Commonwealth of Kentucky Court of Appeals
Jun 7, 2013
NO. 2011-CA-001993-MR (Ky. Ct. App. Jun. 7, 2013)

Opinion

NO. 2011-CA-001993-MR

06-07-2013

LCH PROPERTIES, LLC; LUNSFORD CUSTOM HOMES APPELLANTS v. MARCUS FANNIN CYNTHIA FANNIN APPELLEES

BRIEFS FOR APPELLANTS: Jack S. Gatlin Covington, Kentucky BRIEF FOR APPELLEES: Steven N. Howe Dry Ridge, Kentucky


NOT TO BE PUBLISHED


APPEAL FROM GRANT CIRCUIT COURT

HONORABLE STEPHEN L. BATES, JUDGE

ACTION NO. 10-CI-00387


OPINION

AFFIRMING

BEFORE: ACREE, CHIEF JUDGE; CLAYTON AND MAZE, JUDGES. MAZE, JUDGE: This appeal arises from an August 2011 bench trial in a suit brought by Appellants, LCH Properties, LLC (hereinafter "LCH") against Appellees, Marcus and Cynthia Fannin, for breach of a construction contract.
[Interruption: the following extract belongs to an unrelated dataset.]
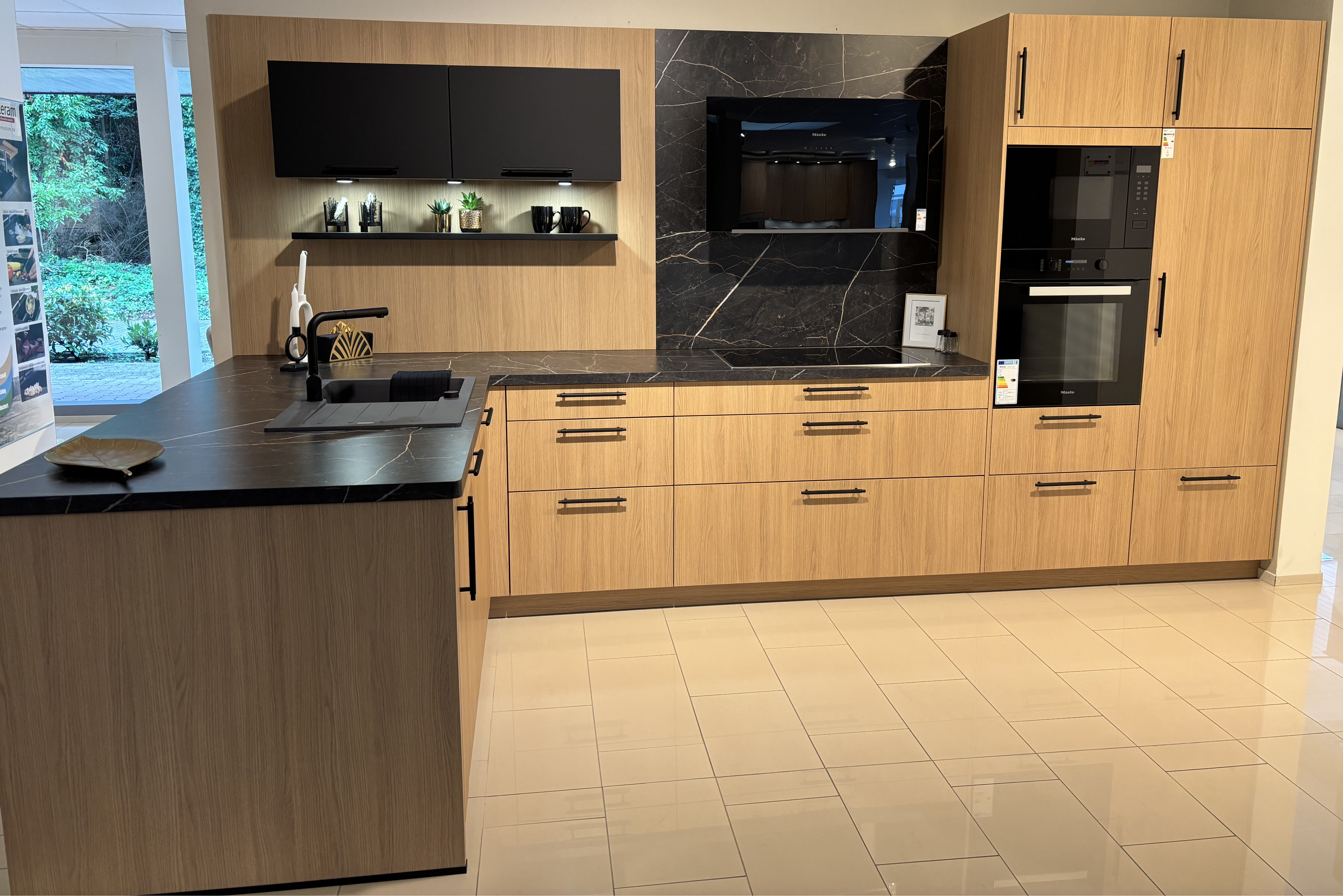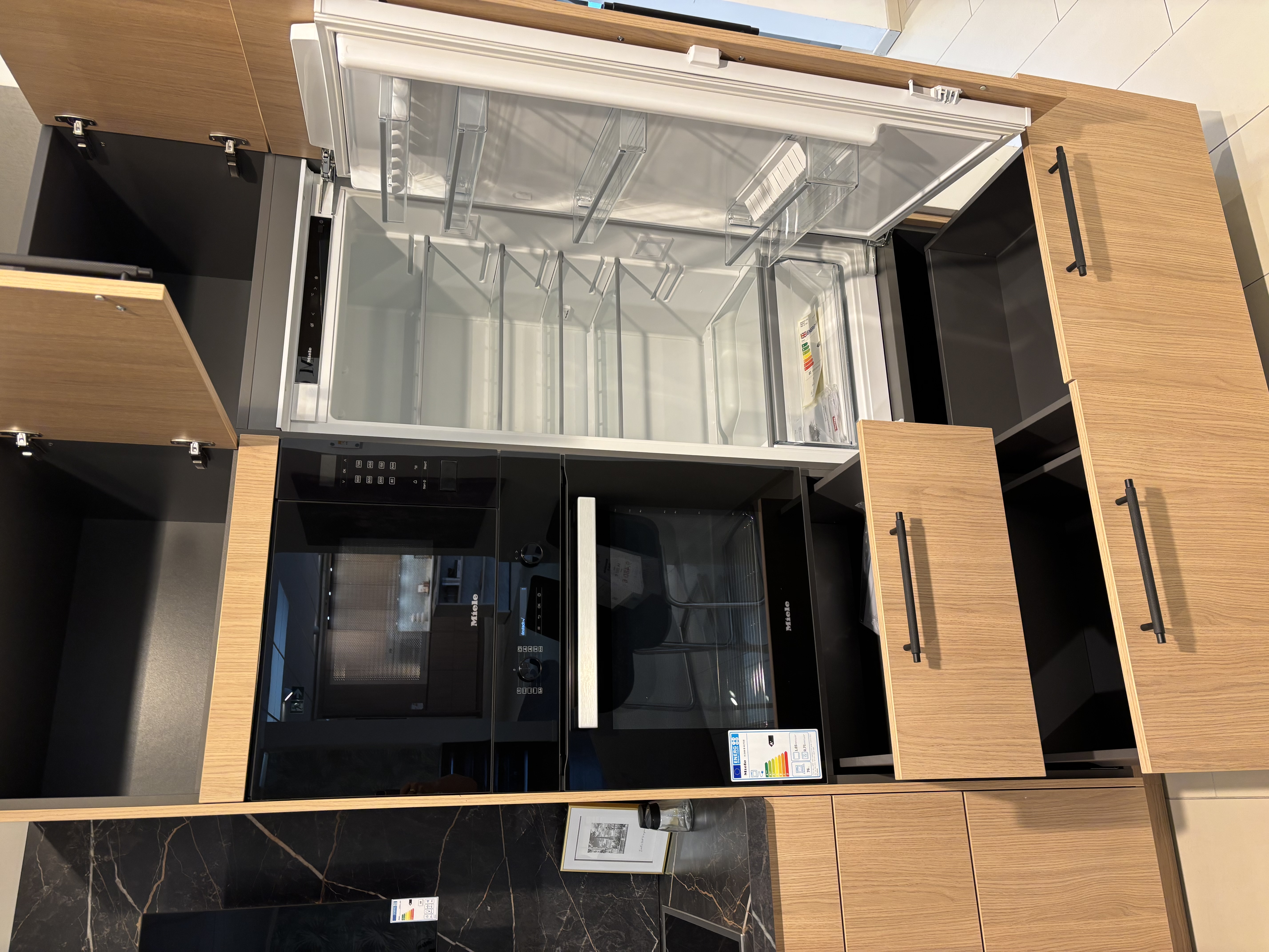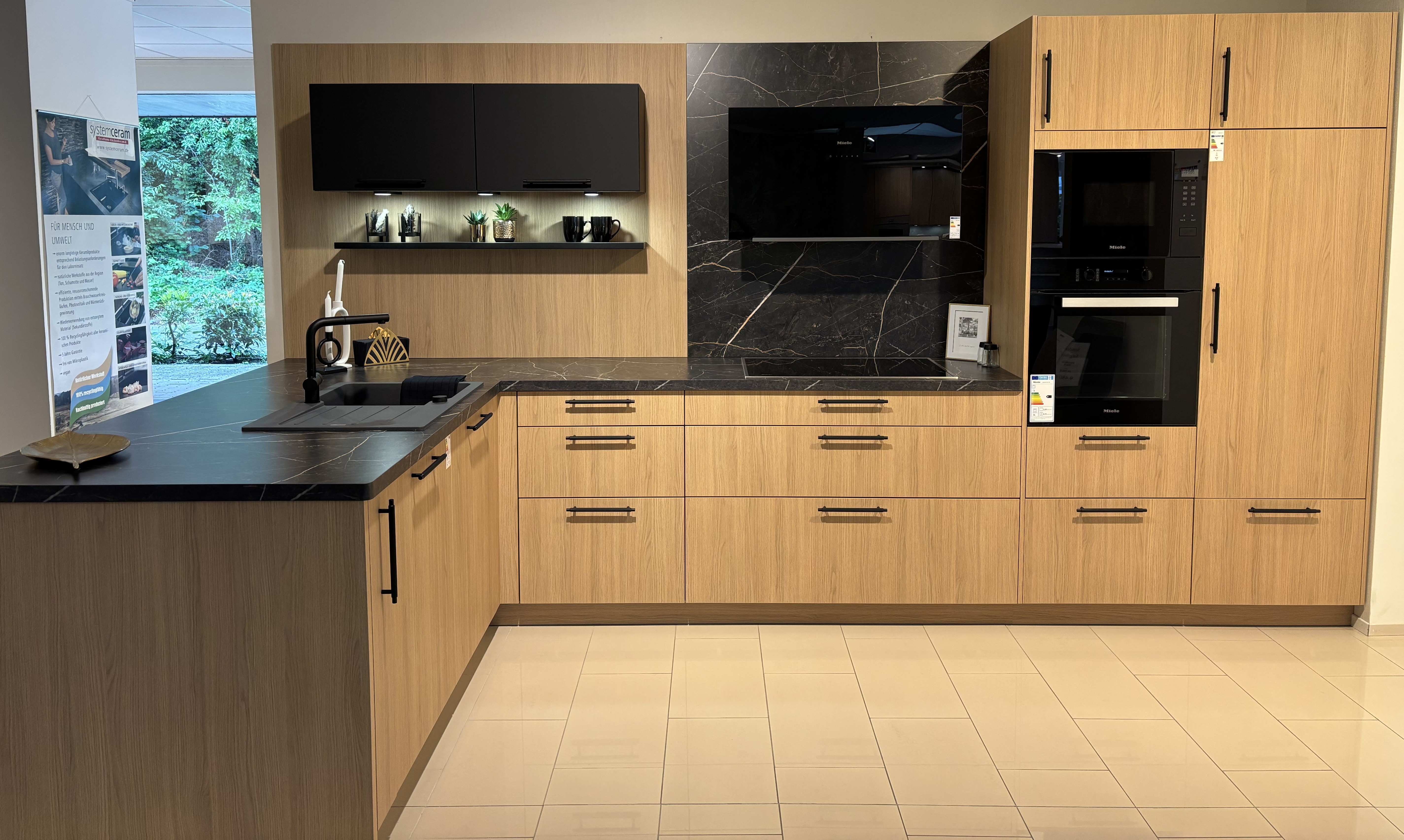 Diese moderne Einbauküche aus dem Häcker Systemat-Programm schafft durch das aktuelle Holzdekor in Feineiche Natur in Verbindung mit der marmorierten Arbeitsplatte und den schwarzen Akzenten einen zugleich modernen als auch gemütlichen Charakter. Die hochwertige Miele-Ausstattung lässt keine Wü...

LCH argues on appeal that the trial court erred in finding against it and in granting Appellees an award for needed repairs to their home totaling $26,835.00. LCH also argues that the trial court erroneously denied its request for attorney's fees. As evidence of substance existed on the record supporting the trial court's verdict, we affirm.

In August of 2009, the Fannins and LCH entered into a contract in which the latter agreed to build a home for $235,856 on the Fannins' lot in Corinth, Kentucky. The parties agreed to a warranty provision covering all defects, workmanship and construction of the house for a period of one year. The contract provided a list of allowances for certain costs and stated that the Fannins were to be credited for any materials or services which they purchased or performed themselves and charged for any "extras" added later. Under the contract, these changes were to be agreed to in writing.
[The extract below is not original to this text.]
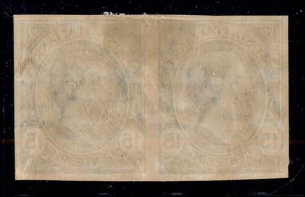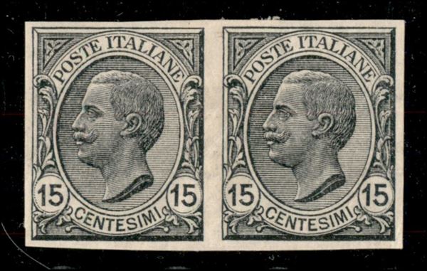 1919 - 15 cent Leoni (108d) - coppia non dentellata - gomma originale (360)
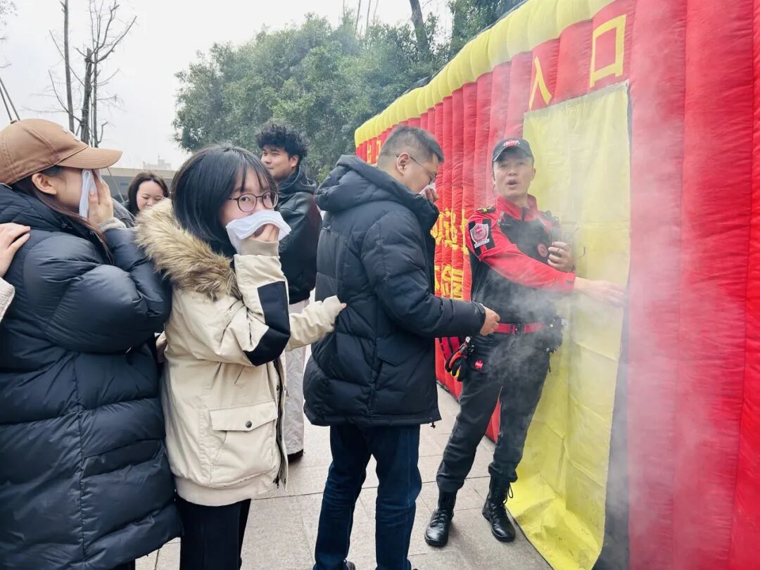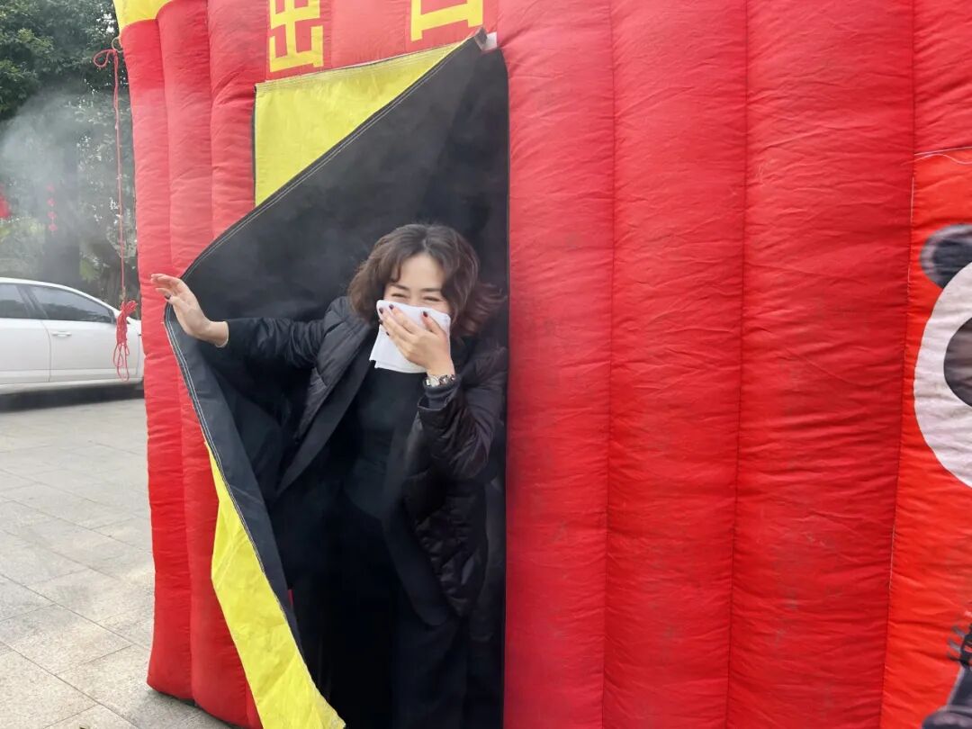演练尾声,组织全员体验烟道逃生帐篷,让参与人员在模拟的浓烟密闭环境中,实操演练弯腰低姿、湿捂口鼻等核心逃生技巧。沉浸式的体验让逃生知识转化为实操能力,进一步夯实了全员的火场逃生基本功。

During construction, several events occurred, some of which are contested, but all of which led to the disintegration of the business relationship between the Fannins and LCH. The incorrect color roof was installed, nevertheless resulting in a savings of $1,400 on the contract's roofing allowance. A dispute also arose regarding the lack of quality and integrity of retaining walls on the property, the cause of which was contested. The Fannins paid to repair one of these walls at their own expense.
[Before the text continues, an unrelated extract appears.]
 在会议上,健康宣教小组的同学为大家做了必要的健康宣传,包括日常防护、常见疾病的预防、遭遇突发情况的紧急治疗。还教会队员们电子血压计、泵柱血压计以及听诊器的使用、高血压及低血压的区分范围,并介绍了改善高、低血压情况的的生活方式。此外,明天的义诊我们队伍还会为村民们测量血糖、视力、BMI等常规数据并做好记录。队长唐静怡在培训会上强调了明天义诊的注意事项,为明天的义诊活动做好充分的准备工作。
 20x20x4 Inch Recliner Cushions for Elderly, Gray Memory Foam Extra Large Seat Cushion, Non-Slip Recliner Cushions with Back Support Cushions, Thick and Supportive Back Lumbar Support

Finally, as construction was winding down and after the Fannins had moved into the home, LCH conducted a walk-through with the Fannins and, as a result, a list of needed repairs (a "punch list") was drafted. The day after the walk-through, after LCH had begun work on these repairs, the Fannins found that LCH employees had tracked mud throughout the home, causing damage to the home's new carpeting and flooring. As a result, the Fannins refused LCH's entry back into the home to complete the required repairs. In February 2010, LCH took out a lien on the property due to the Fannins' failure to pay in full the remaining balance on the contract. The Fannins later acknowledged the debt, but they disputed the amount of said debt. Following the lien, the Fannins offered to place payment for the required repairs in escrow until LCH could complete them. However, LCH refused and began the present foreclosure action.

LCH acknowledged that the Fannins had paid a total of $215,800.00 and were due a credit of an additional $11,642.46 in unspent or saved allowances under the contract. In LCH's calculation, the resulting total of $227,442.46 paid or credited left an unpaid balance of $8,848.54, which included "extras" requested by the Fannins and provided by LCH. At trial, LCH presented these numbers, and argued that, pursuant to the contract, the Fannins were required to let LCH make the necessary repairs to the home, not another contractor. LCH claimed that the Fannins had breached the construction contract and were responsible for LCH's attorney's fees. At trial, the Fannins called two experts who testified to the remaining defects in the home. One expert, Mike Martin, also testified to the cost of repairing the defects in LCH's work. Martin estimated that those defects covered under the warranty provision of the contract would cost $26,835.00 to remedy.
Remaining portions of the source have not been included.